For some months now I’ve been trying to ascertain the latest performance of the state owned enterprises (SOE) portfolio. The last Crown Portfolio Report was issued in December 2013. That was two long years ago. I therefore asked for access to the quarterly report on the Crown commercial portfolio to the Minister of Finance by the Treasury.

My Official Information Act request to the Treasury was declined on commercial in confidence grounds. Not only was my request to the Minister of Finance similarly refused, he told me to do the analysis myself by working my way through the 49 annual reports of the state owned enterprises in New Zealand.

Source: Bill English, Minister of Finance, Response to Official Information Act request, 30 November 2015.
Look it up yourself is not a good approach to public accountability to busy taxpayers who have lives to lead. There is a very well-paid Treasury that can do that analysis and has been doing that analysis every year until two years ago.
There is been no explanation for the non-publication of the Crown Portfolio report for two years. That is unacceptable in terms of tax payer accountability.
What is weird about this blow to taxpayer accountability is I have been refused access to Treasury analysis of public information. I’m not actually asking for the analysis. I am asking for a tabulation of 49 annual reports of state owned enterprises. Somehow a tabulation of public information is commercial in confidence despite the fact I can do it myself. This makes no sense.
It appears that for two years now the Minister of Finance has not been advised on the annual rates of return of the state owned enterprise portfolio as a whole. If he had, the Treasury and the Minister of Finance would have supplied that data to me in the course of my Official Information Act requests because it was obvious that I was after that information and they have a duty to be helpful when processing Official Information Act requests.
The Minister of Finance should be more curious about tens of billions of dollars in taxpayer’s assets that currently struggle to offer a positive return.
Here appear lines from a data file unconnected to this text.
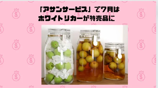 「アサンサービス」で7月はホワイトリカーが特売品に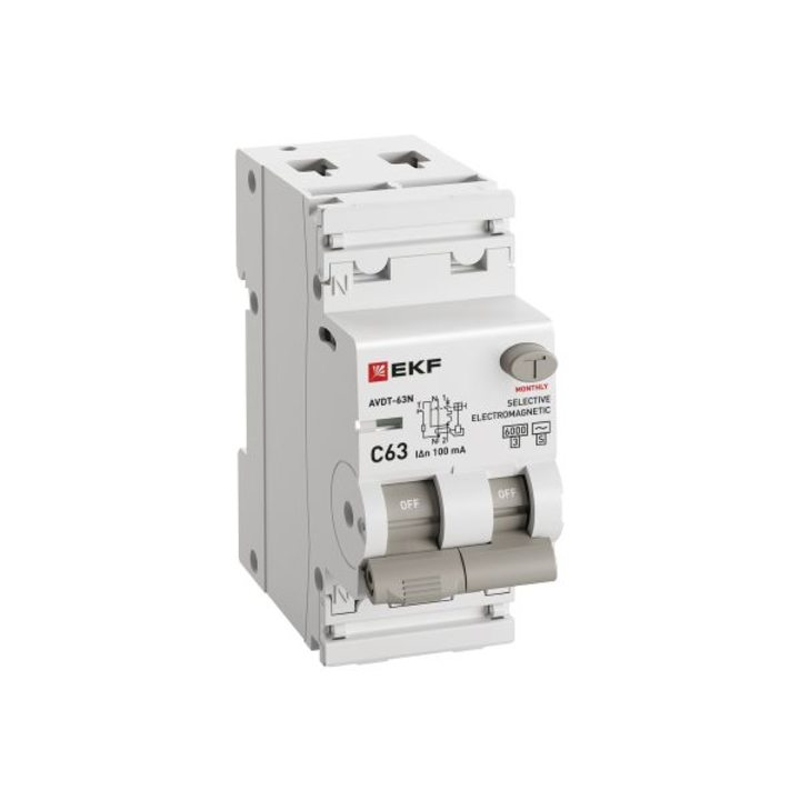Диф. автомат АВДТ-63N 1P+N 63А (C) 100мА (AC-S) эл-мех 6кА PROXIMA EKF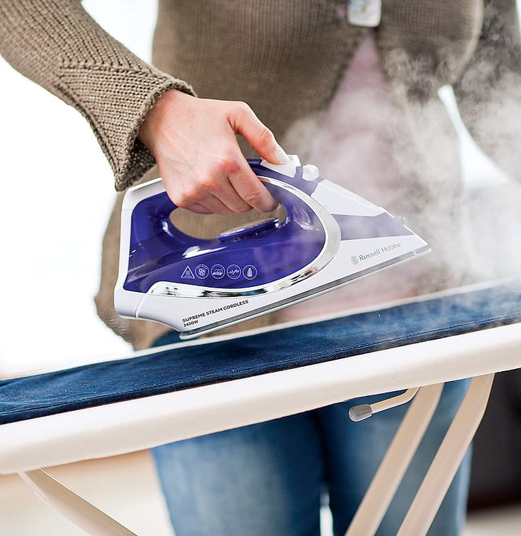 Der er ingen ledninger, der hænger ned, og strømledningen opbevares i basen, så dermed er det ledningsfrie strygejern Supreme Steam et ordentligt, problemfrit apparat, der vil blive en uundværlig del af din vasketøjsrutine.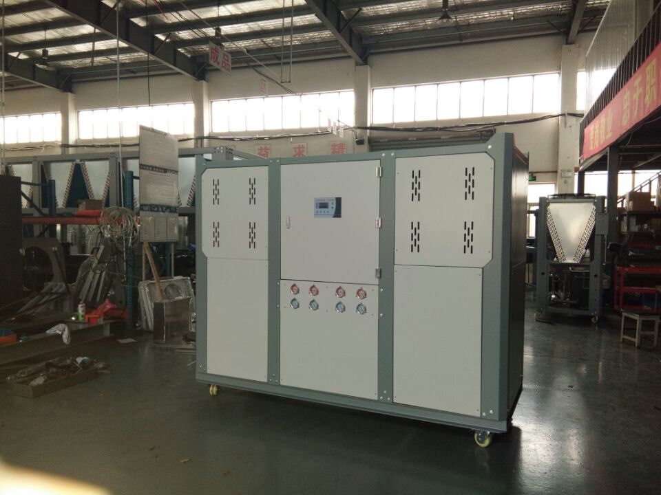水冷式工業制冷機組是通過冷卻塔以冷卻循環水為冷凝方式的控溫設備,有箱式和螺桿式。箱式單機輸出馬力從3HP~60HP,螺桿式單壓縮機輸出馬力從30HP~280HP,螺桿式雙壓縮機輸出馬力從220HP~560HP.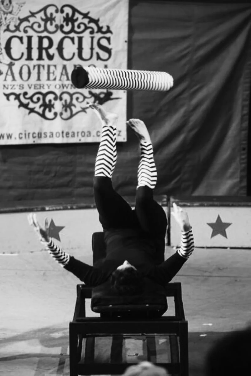 Irene has been performing and teaching various circus skills for over 25 years. Her passion lies with object manipulation like juggling, hula hoops and aerial acrobatics. She has been performing stilt and street theatre, as well as juggling and firedance in her native Austria and other European countries. Since moving to New Zealand in 2000 Irene has finished a diploma in Circus Arts at Christchurch Polytech where she specialized in swinging trapeze and other aerials. For the last 14 years she has been performing in her very own circus – Circus Aotearoa – which she runs together with husband Damian and son Matthias. Irene is also teaching circus skills and yoga-based movement to people of all ages in rural Raglan. Her fascination with circus is never ending as there are always new things to explore and learn – regardless of age and abilities.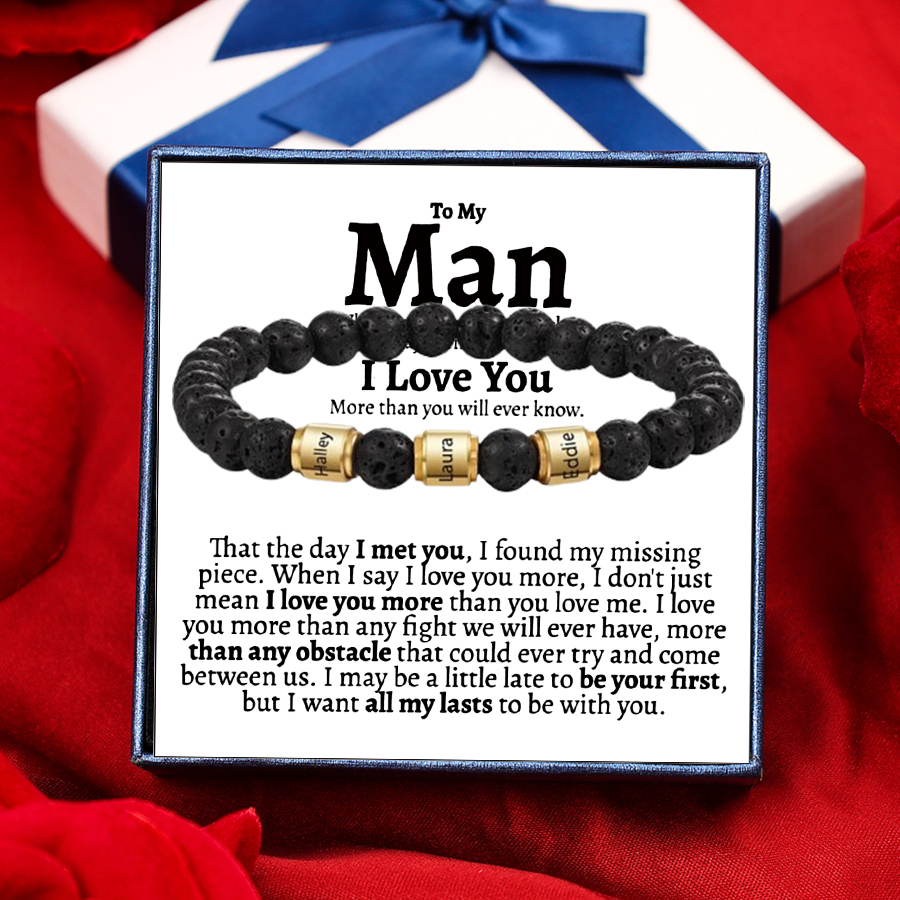 3 Names-Personalised To My Man Bracelet Set With Gift Card Gift Box-Custom Men's Bracelet Engraved Names Personalised Gift for Him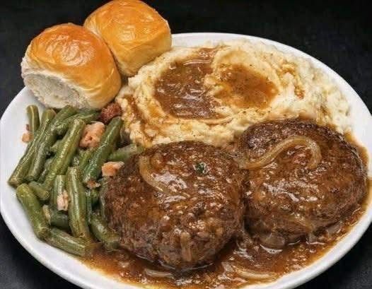 Serve hot with mashed potatoes, green beans, and bread rolls for a complete comfort meal.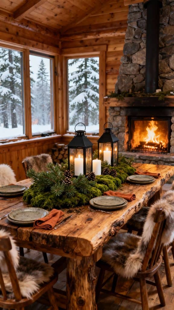 Winter woodland cabin scene with a log dining table displaying a moss and pine centerpiece with lanterns and a stone fireplace in the background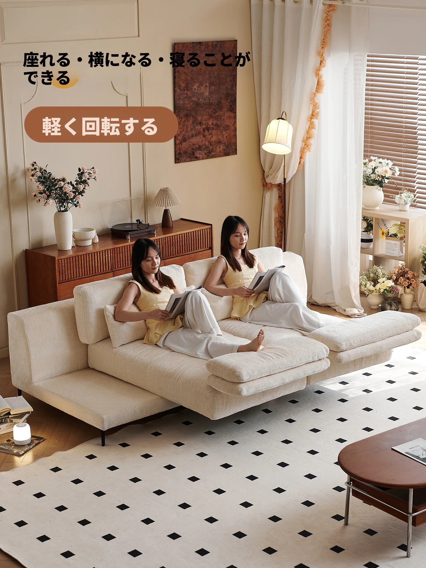 2025年新作!フレンチクリーム風リビング用創造的なスワイプ型回転可能マルチファンクションファブリックソファ - スタイリッシュで快適、あなたのリビングを華やかに彩ります!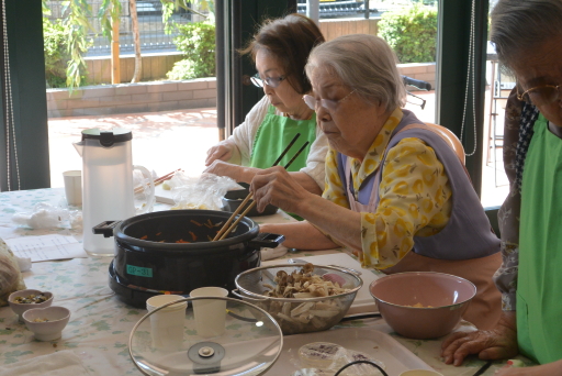 2014.10.09 シルバービレッジ日野 『料理教室』 『料理教室』 今回の料理教室は、今の季節にピッタリの 【きのこたっぷり混ぜご飯と肉じゃが】です!! 皆さんそれぞれにしめじ、まいたけ、れりんぎ、その他たくさんの 具材を切り、楽しく笑顔で料理されておりました。 出来上がった料理は皆さんの好みの味付けで、とても美味しかったです。 次回の料理教室も楽しみですね。 writer: 倉田 知章

Source: The New Zealand Treasury, Crown Portfolio Report 2013, p. 41.
No publicly listed company could fail to publish its annual report. The fact that this has not been picked up as an example of why public ownership is inferior. No one profits from highlighting these governance shortcomings.
If the state owned enterprises were listed on the stock exchange, investors would sell off a company that missed its reporting date. Missing a reporting date is a sure sign of both poor governance and poor performance. Entrepreneurs would see a poorly governed company as a takeover opportunity. There are no similar disciplines for state owned enterprises whose governance and transparency falls short.
By the way, the original objective of my research was to compare state-owned enterprise performance under the current and previous governments. The Treasury was unable to supply data further back than 2007. Everything before then is on paper. The individual company reports have to be looked up by hand.
Nothing is at the fingertips of the Treasury if the Minister of Finance was interested in knowing whether his stewardship of state owned enterprises was superior to that of his predecessors.
Jan 14, 2016 @ 17:20:30
Reblogged this on Utopia – you are standing in it! and commented:
I misunderstood the responses to my Official Information Act requests to the Minister of Finance to obtain information on the financial performance of the crown portfolio of state owned enterprises.
It seems that the Treasury no longer is publishing a report on its portfolio of commercial assets. I have emailed the minister to find out if this is true.
If this is so, it will no longer be possible to work out if the commercial portfolio offers a positive return to the taxpayer, much less how large that return is and how it changes over time.
I was planning to compare the return on that portfolio under the current and previous governments but that information is simply unavailable from the Treasury.
You want to find out how the taxpayers investment in our state owned enterprises going, all the Treasury will do is tell you to look up their annual report.
The Treasury’s own briefings to the Minister of Finance are regarded as commercial in confidence so none of the information there on the total return to the taxpayer on the portfolio of state owned enterprises is available under the Official Information Act.